Concrete Recommendations

For teams building AI agent runtimes, the recommended structure is:

Keep 90%+ of tests hermetic. Use PATH-prepended fake binaries for CLI tools, mock servers for LLM providers, fixture tokens for auth. These tests run on every commit, on every fork PR, in seconds.
Define a tests/live/ directory as the explicit home for live-dependency smoke tests. Never mix live and hermetic tests in the same test file.
Implement skip-not-fail universally. Every test in tests/live/ must check for its required credentials at the start and call pytest.skip() (or equivalent) if they are absent. Exit code must remain 0 for skipped tests.
Use a RUN_LIVE_TESTS environment variable as the master gate. Individual credential checks are a second layer; the master gate prevents accidental execution in hermetic CI contexts.
Wire live tests to a nightly schedule and workflow_dispatch. Do not add them to PR required checks. Use a GitHub Environment with secret protection.
Keep the live suite small. Fewer than 20 tests covering the critical integration boundaries: auth token acquisition, API reachability, CLI binary invocation, proxy egress.

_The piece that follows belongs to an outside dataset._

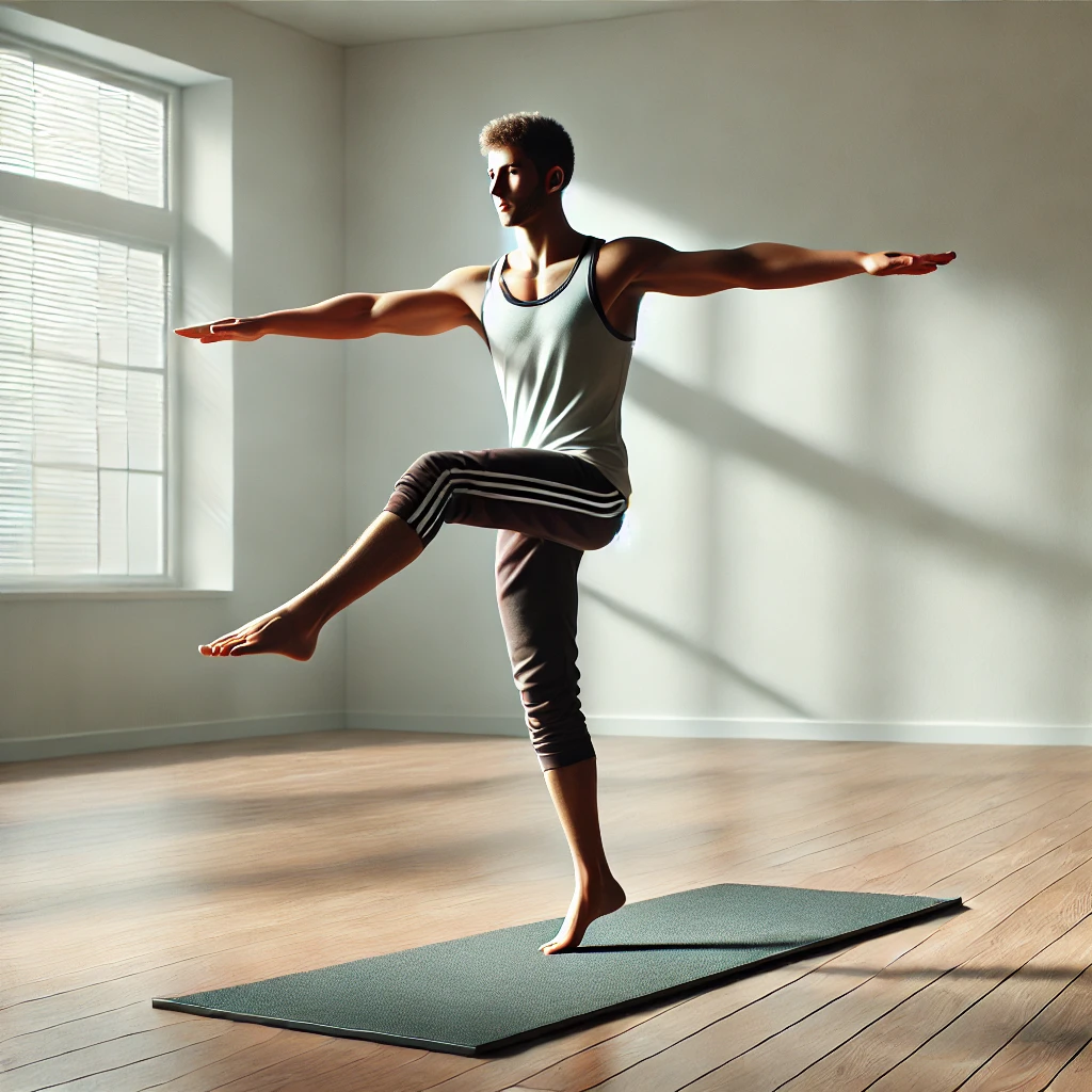 - 두 팔을 옆으로 벌려 균형을 잡은 후, 한쪽 발을 천천히 들어 올립니다.

Diagnose network failures systematically. When a live test fails in CI, distinguish between credential errors (HTTP 401/403 with provider-specific body) and network errors (connection refused, SSL errors, proxy 407) before concluding the code is wrong.
Cover both directions of every state transition. If your runtime can switch A→B, you must also test B→A and the round-trip.

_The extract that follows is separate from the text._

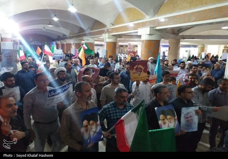 تجمعکنندگان در این مراسم با شعار مرگ بر آمریکا، مرگ بر اسرائیل، ما پیرو رهبر فرزانهایم – برای جنگ آخر آمادهایم ، رژیم صهیونی رو به زوال است – سازش ما با صهیونیست محال است و وحدت ما مایه اقتدار است – لا تهنوا، زمان کارزار است ضمن محکوم کردن جنایات رژیم صهیونیستی با حمایت ترامپ رئیس جمهور آمریکا خواستار تداوم حملات نیروهای مسلح جمهوری اسلامی به سرزمینهای اشغال تا نابودی این رژیم جعلی شدند.

Assign ownership to live tests. Flaky live tests without owners accumulate. Each live test file should have a comment naming the team or engineer responsible.
Rotate and scope credentials. CI credentials for live tests should be scoped to the minimum permissions needed (read-only where possible), rotated regularly, and distinct from production credentials.

The investment in this thin live-smoke layer pays for itself the first time it catches a breaking API change, a proxy misconfiguration, or a CLI version mismatch that the hermetic suite—by design—cannot detect. Keep it small, keep it opt-in, and keep it honest.